Boom! The cannon sounded and the swim began. Within minutes a man had kicked me so hard in my face that my goggles slipped off, filled with water and my vision was even worse than before. I had to stop as many swimmers kicked and stroked right over my body while I fixed the goggles. I thought, “Y’all won’t get away with that nonsense,” and I passed them all up. But it would not be long before I realized, of course, I had no idea where I was. I was in a pack of crazed swimmers, many of whom were kicking way too hard for wearing wetsuits. I just told myself to swim slow and steady and not let their anxiety influence my swim. I knew I was facing a 112 mile bike in the heat and wind. I knew I would need my upper body strength to endure that, so why waste it on over-swimming? I never got away from the pack through the whole swim. So I was kicked often and hard. Going into the sun was tough, but I wasn’t as bothered by it as others were. Once we turned around, it was easier to sight off the orange buoys. I was able to swim a little faster, but never got too fast for fear of tiring out. When I saw the last buoy, I was thrilled. I very slowly and carefully let the volunteer help me up the steps. Then the next volunteer grabbed me and began stripping me. I was shaking terribly and she asked if I needed medical. “No m’am,” I said with chattering teeth, “I’m just cold.” She handed me my wetsuit and I lightly jogged to transition. I grabbed my bag and ran to the changing tent.
SWIM TO BIKE TRANSITION
Here’s where I must describe the volunteers. They are amazing. There were 3500 of them out that day. They treated us like rock stars. I’ve never felt so pampered.
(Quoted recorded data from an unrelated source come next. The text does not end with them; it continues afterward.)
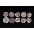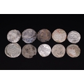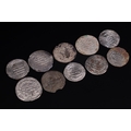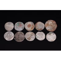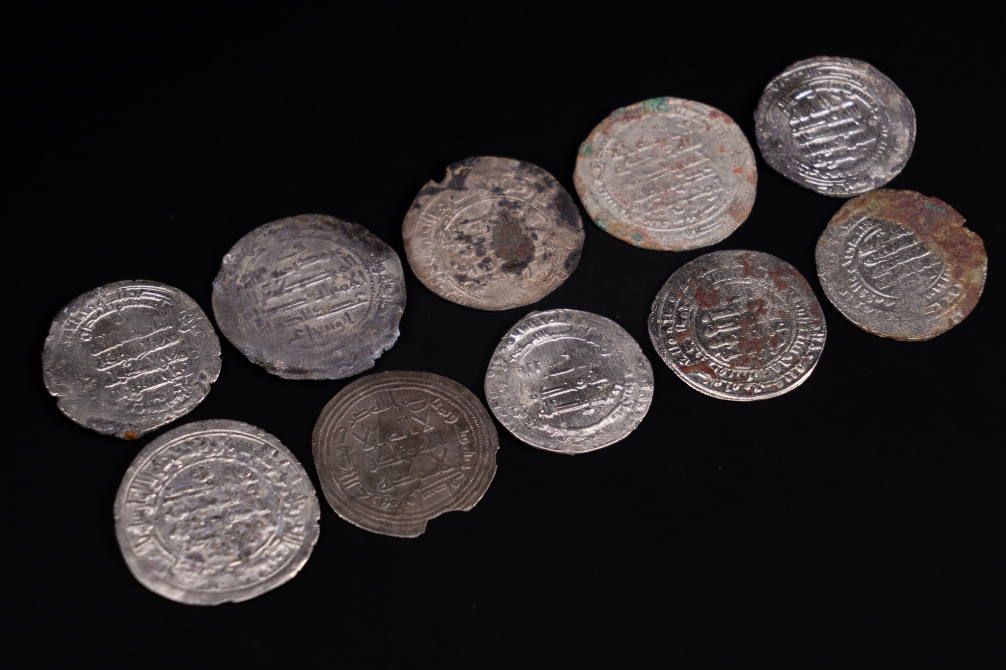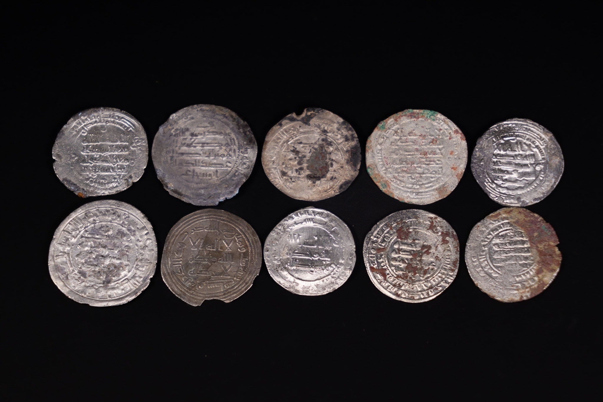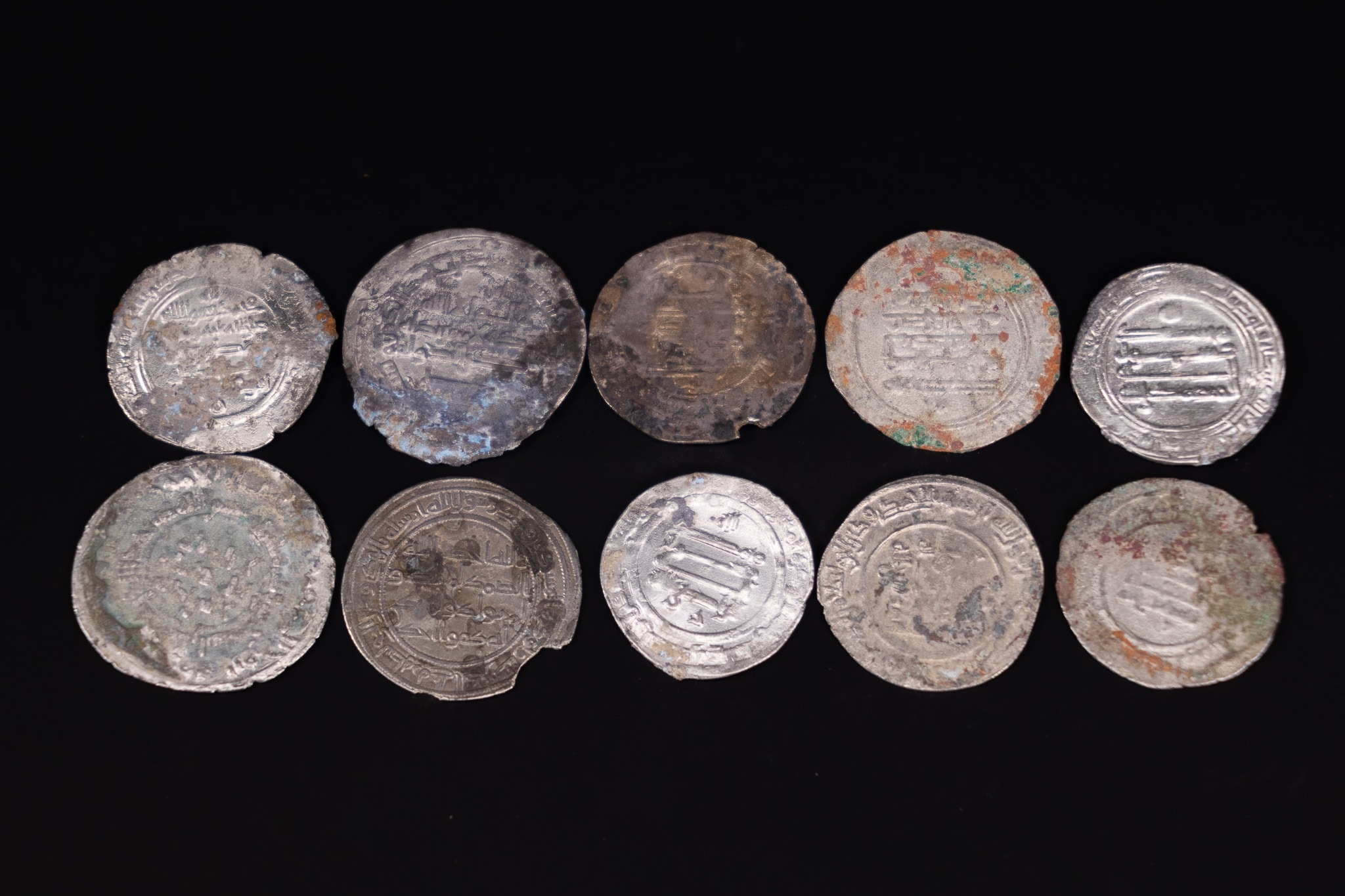 A COLLECTION OF ILKHANID SILVER COINS, MONGOL-IRANIAN, 13THââ¬â14TH CENTURY. - A group of Ilkhanid silver coins from the Mongol Ilkhanate period, dating to the 13thââ¬â14th century. Each coin bears Arabic inscriptions arranged in concentric and horizontal bands, including religious formulas and mint details characteristic of Ilkhanid coinage. The coins are struck on irregular flans, with variation in size and shape throughout the group. Surfaces display a range of tones from bright silver to darker areas, with visible oxidation, encrustation, and wear across several examples.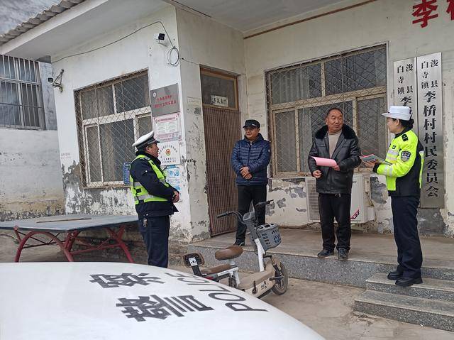 为筑牢道路交通安全防线,防范交通事故的发生,2026年2月3日上午,浚县公安局交通管理大队组织民警,走进新107国道沿线白寺镇李桥、张七营等村庄,开展针对性交通安全宣传教育工作,全力保障新国道通车后群众出行安全。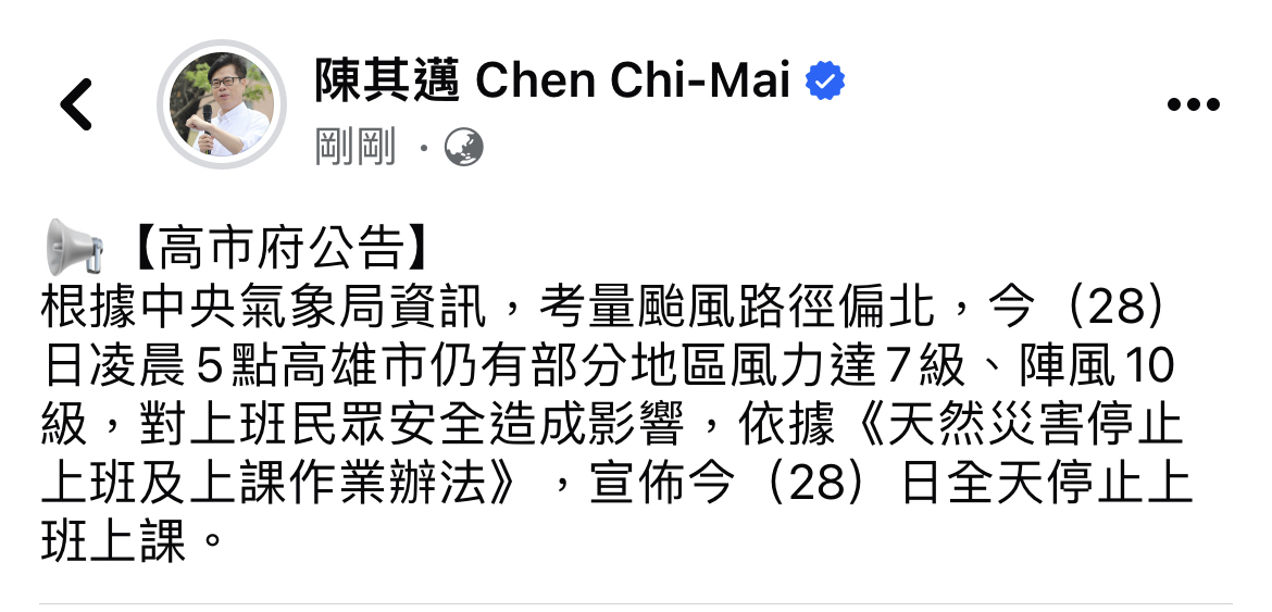 → poz93 : 換了市長後就在靠北不放颱風假 07/28 02:05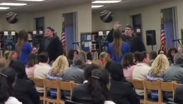 This dad acting menacingly toward a teenager to show the reason why teachers should be allowed to carry guns and the whole scenario perfectly demonstrated why they shouldn’t. Average citizens with no law enforcement training shouldn’t be the ones to step up and intervene with a weapon if something goes down. All of those parents staying planted in their seats while shit went down proves it.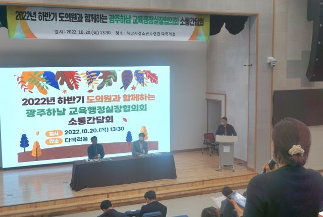 [한국기자연대] 경기도광주하남교육지원청은 10월 20일 하남시청소년수련관에서‘2022 하반기 도의원과 함께하는 광주하남 교육행정실장협의회 소통간담회’를 개최했다.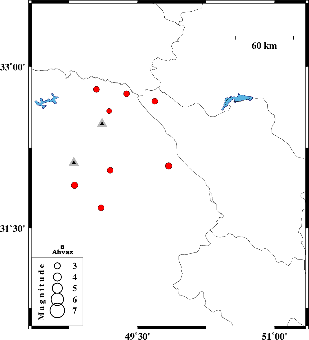 | 2004/12/01 | 20:49:27.1 | 00:19:27.1 | 32.04 | 49.2 | 17 | ML:2.9 | 15 km North-West of Masjed Soleyman, Khoozestan Province | ||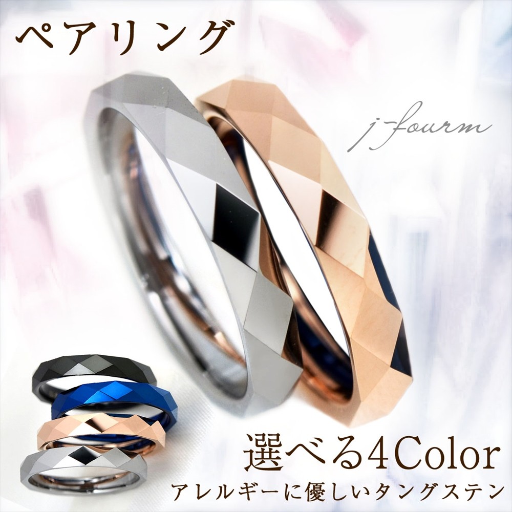 ペアリング 刻印無料 シンプル タングステン ダイヤカット 3mm リング 2個 シルバー ピンクゴールド ブルー ブラック ペアアクセサリー タングステンリング 指輪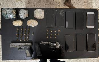 Durante la intervención se decomisaron dos armas de fuego, nueve teléfonos celulares, cartuchos de diversos calibres y sustancias sujetas a fiscalización. Todos los elementos fueron puestos a órdenes de la autoridad competente como parte del proceso investigativo.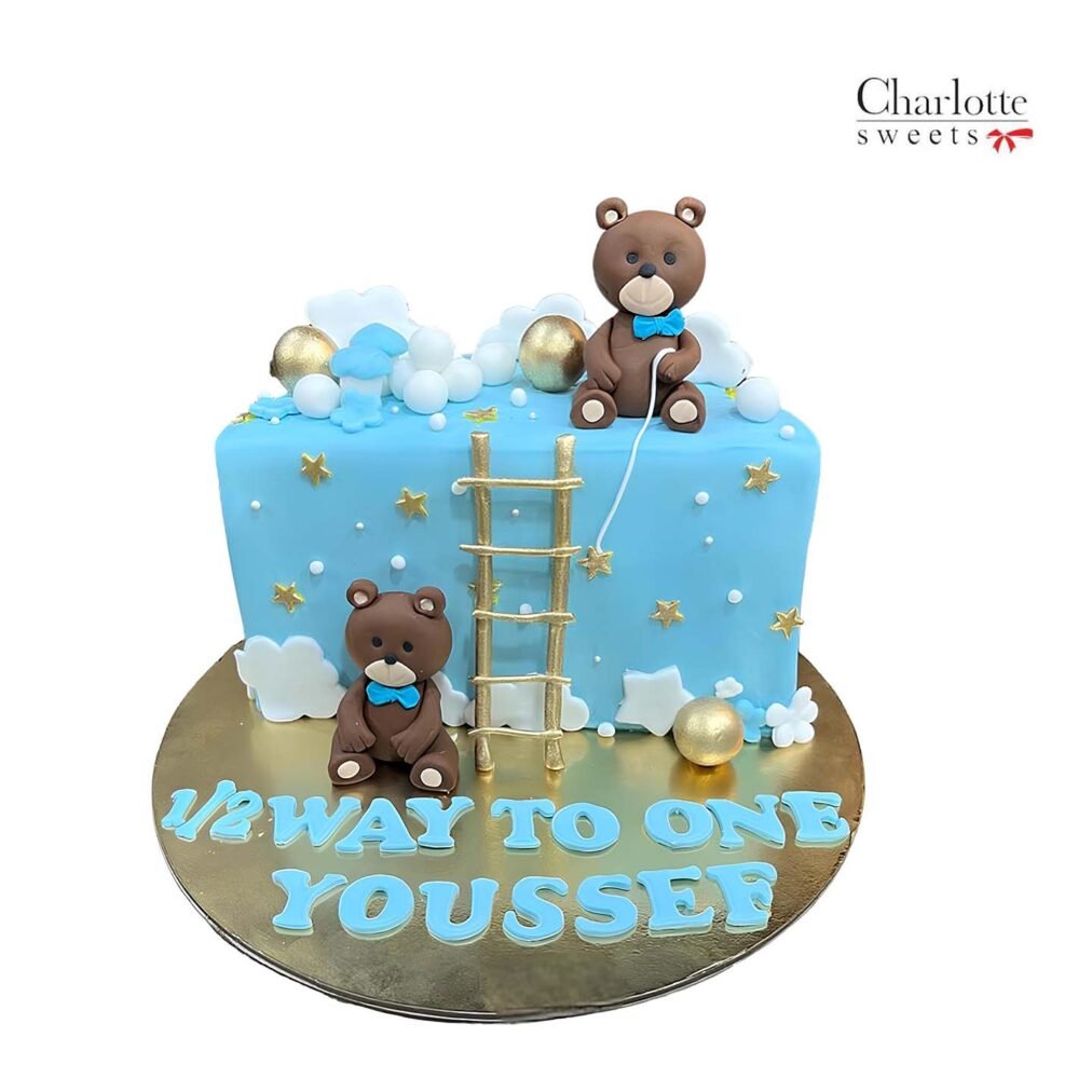 This is a square cake with a light blue fondant covering, featuring two fondant teddy bears, a golden ladder, and cloud and star decorations. The cake is set on a gold-colored base with the message “1/2 WAY TO ONE YOUSSEF” in blue lettering. Order online for next-day delivery in Dubai, Sharjah, and Ajman.

It took me a while in the changing tent just to dry my feet, put on my socks, bike shoes, helmet, gloves, sunglasses and drink some water and Gatorade. I didn’t have to do anything with my wetsuit or clothing. The volunteers took care of everything. I ran out of the changing tent and a volunteer was standing there with sunscreen. He rubbed it all over my face, arms and legs. I didn’t have to do a thing! I went potty and ran toward my bike. I grabbed my bike and ran to the mount line, hopped on and began the longest, toughest bike journey of my life.
THE BIKE (112 miles)
The meteorologists had predicted 6-10 mph winds for this day. They were wrong! And those people who think the Ironman in Arizona is flat are wrong! The bike course is three loops including a long 15-mile stretch of straight, slight uphill through the Pima-Maricopa Indian community. I was no longer cold from the swim. It was approaching 95 degrees. The winds unfortunately were not tail winds up that hill. There were moments when I could feel the wind pushing me backward down the hill and I had to tap into my core muscles to control the bike. It wasn’t long before I saw people falling. I saw people crashing at the turns as the winds and sharp turns wiped them out. The heat was unbearable. I talked to the Lord and asked for strength to endure. If loop one was this challenging, how on earth would I endure loop two and even more difficult, loop three?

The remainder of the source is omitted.